▶ **Supplied information**:
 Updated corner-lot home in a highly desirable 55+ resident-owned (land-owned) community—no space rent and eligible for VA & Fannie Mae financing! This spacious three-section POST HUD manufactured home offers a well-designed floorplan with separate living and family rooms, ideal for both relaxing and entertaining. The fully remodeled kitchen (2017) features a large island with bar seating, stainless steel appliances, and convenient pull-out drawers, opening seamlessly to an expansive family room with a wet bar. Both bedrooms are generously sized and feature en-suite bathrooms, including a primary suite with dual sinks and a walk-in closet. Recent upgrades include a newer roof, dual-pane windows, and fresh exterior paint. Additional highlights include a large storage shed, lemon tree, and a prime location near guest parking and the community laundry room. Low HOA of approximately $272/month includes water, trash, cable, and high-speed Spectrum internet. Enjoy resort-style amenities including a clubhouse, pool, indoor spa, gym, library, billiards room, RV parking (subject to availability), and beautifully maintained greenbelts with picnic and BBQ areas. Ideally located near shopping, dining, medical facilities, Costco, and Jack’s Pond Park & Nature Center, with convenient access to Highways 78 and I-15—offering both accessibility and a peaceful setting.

==

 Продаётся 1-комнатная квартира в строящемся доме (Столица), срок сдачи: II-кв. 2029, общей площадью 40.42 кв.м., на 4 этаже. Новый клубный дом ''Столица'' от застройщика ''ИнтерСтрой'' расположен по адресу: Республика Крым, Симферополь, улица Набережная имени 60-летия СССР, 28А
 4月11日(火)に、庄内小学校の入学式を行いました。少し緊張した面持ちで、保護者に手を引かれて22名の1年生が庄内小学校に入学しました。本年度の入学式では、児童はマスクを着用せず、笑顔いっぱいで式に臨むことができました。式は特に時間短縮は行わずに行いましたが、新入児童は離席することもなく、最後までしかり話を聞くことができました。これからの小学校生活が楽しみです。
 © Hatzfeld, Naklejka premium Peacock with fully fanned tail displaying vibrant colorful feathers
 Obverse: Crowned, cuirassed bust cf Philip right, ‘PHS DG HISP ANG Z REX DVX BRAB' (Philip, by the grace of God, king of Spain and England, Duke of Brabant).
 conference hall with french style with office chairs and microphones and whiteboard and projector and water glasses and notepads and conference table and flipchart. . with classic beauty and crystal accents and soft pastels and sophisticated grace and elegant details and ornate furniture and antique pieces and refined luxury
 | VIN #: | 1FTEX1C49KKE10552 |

* * *

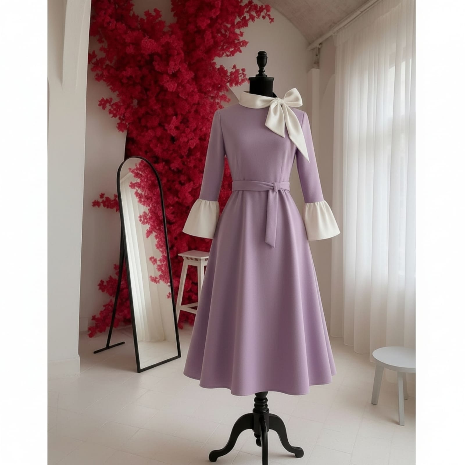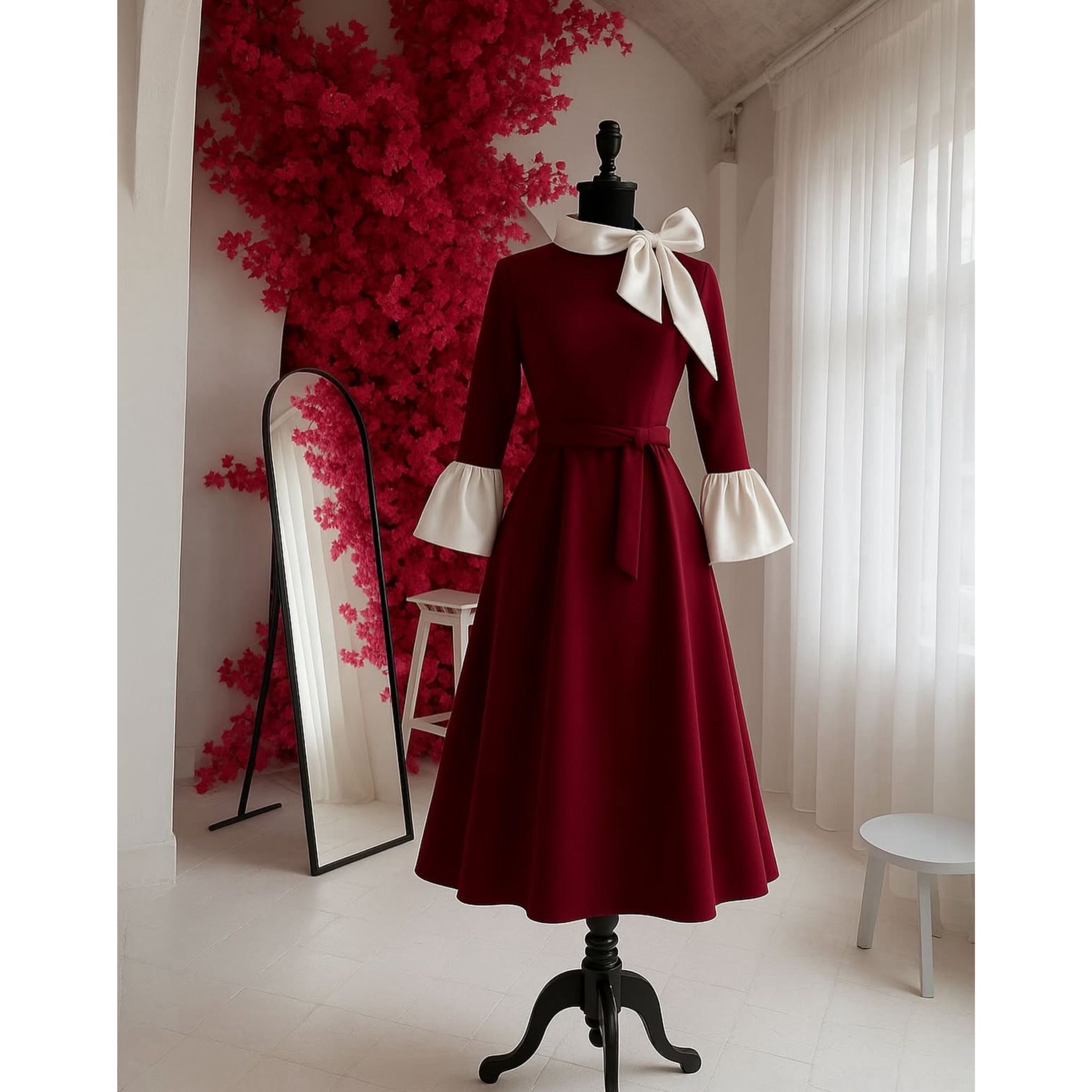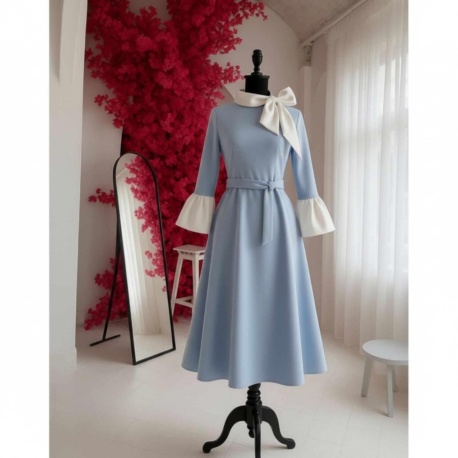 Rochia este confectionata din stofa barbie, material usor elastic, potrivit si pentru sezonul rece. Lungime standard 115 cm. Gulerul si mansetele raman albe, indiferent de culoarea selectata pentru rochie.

▶ **What is expected**:
Start with the line above that contains "conference hall with" and stop after the line that contains "#: | 1FTEX1C49KKE10552 |". Output those lines exactly, and only those.

▶ **Solution to the exercise**:
 conference hall with french style with office chairs and microphones and whiteboard and projector and water glasses and notepads and conference table and flipchart. . with classic beauty and crystal accents and soft pastels and sophisticated grace and elegant details and ornate furniture and antique pieces and refined luxury
 | VIN #: | 1FTEX1C49KKE10552 |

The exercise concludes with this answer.